Many of my own personal management frameworks were imprinted into my brain during my years at Procter & Gamble. One of the most fundamental is that plans should flow from strategies. It was right then. It’s still right. But it’s theoretically elegant and practically useless without the enablers required for success including human capabilities.

A more complete value creation framework geared for success includes these components:

 

  1. Purpose (mission, vision, values and guiding principles – including the core nature of business and culture)
  2. Overarching strategy and posture
  3. Strategic priorities
  4. Enablers and human capabilities
  5. Plans

 

For example, a medical practice’s

 

  1. Purpose was to help their patients have healthy, productive lives.
  2. Their overarching strategy was to serve more of their patients’ needs.
  3. One of their ensuing strategic priorities was to fix broken ankles.
  4. That required an enabling X-ray machine and the capability to use it.
  5. So, they built plans to acquire an X-ray machine and hire the required people before offering the services to their patients.

 

Purpose gets at what matters and why and includes the mission (why), vision (what), values and guiding principles (how), one of which is the core nature of the business: design, produce, deliver, service.

The overarching strategy and posture drive choices around the creation and allocation of resources to the right place in the right way at the right time over time in order to:

  • Win by being: Predominant/top 1%; Superior/top 10%, Strong/top 25%
  • Not lose by being: Above average/competitive, Good enough/scaled, or
  • Not do by: Outsourcing or not doing at all.

 

Strategic priorities are things directly increasing customer impact, revenue, and profitabilityfocused on either:

Driving Customer Impact and Profitable Commercial Growth

  • Product/service development, pricing, marketing, business development (markets, partners, etc,) increase sales to existing and new customers

 

Enhancing Operational Rigor & Accountability

  • Supply chain, production, distribution, service optimization

 

Enablers and Capabilities are force multipliers to overcome obstacles and make possible and improve the things directly increasing customer impact, revenue, and profitability, including things like:

Infrastructure

  • Brand positioning and marketing materials, collateral, tools (including websites, etc.)
  • Data/Technology/IT/Security infrastructure
  • Operational infrastructure including procurement and supply chain
  • Organizational/HR infrastructure
  • Financial Reporting/Tax/Accounting/Compliance infrastructure
  • New Product Development infrastructure

 

Systems & Processes

  • Enabling commercial growth and operational rigor

 

Balance Sheet & Cash Flows

 

  • Deferred maintenance and modernization investments
  • Growth oriented capital spending
  • Back office: finance, tax

 

Mergers & Acquisitions

  • Bolting on to foundational platform

 

People

  • Senior Leadership (Commercial, Operations, Tech/IT, Finance, HR, Legal, R&D, M&A)
  • Middle Management
  • Individual and team strengths including project management/transformation

 

Development

Understand that this is a simplifying framework. You can go into excruciating depth into the details of much of this. But, having a simplifying framework helps everyone understand how things fit, so they can ratchet up their best current thinking together.

The CEO has to own the vision and culture. So, start with their going-in hypothesis.

Then have the most senior leadership team turn that hypothesis into an understandable description of 1) purpose, 2) overarching strategy and posture, 3) strategic priorities.

Then give the next level of managers clarity on direction, resources, bounded authority, and accountability to flesh out the enablers and capabilities, and craft detailed plans.

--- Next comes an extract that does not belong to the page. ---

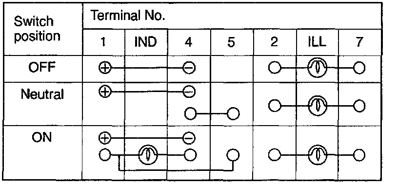 2. When the battery (+) side is connected to terminal 1 and the (-) side is connected to terminal 4, and the main switch is turned to ON, check if battery voltage is output between terminal 5 and the ground until the main switch is turned to OFF.

Those plans should include sequenced actions/initiatives, resources, measures of impact, milestones/timing, who and how people will be called to account to ensure flawless execution, and linkages and interdependencies.

Phasing

Phasing matters. Just as there are right and wrong places and right and wrong ways to allocate resources, there are also right and wrong times.

Everyone wants to increase impact, revenue, and profitability. But, in some cases, if you move too fast, you break the system. Make sure you shore up your foundational enablers and capabilities to enhance execution of the strategic priorities that depend on them in the right order at the right time. Step by step down the path to success.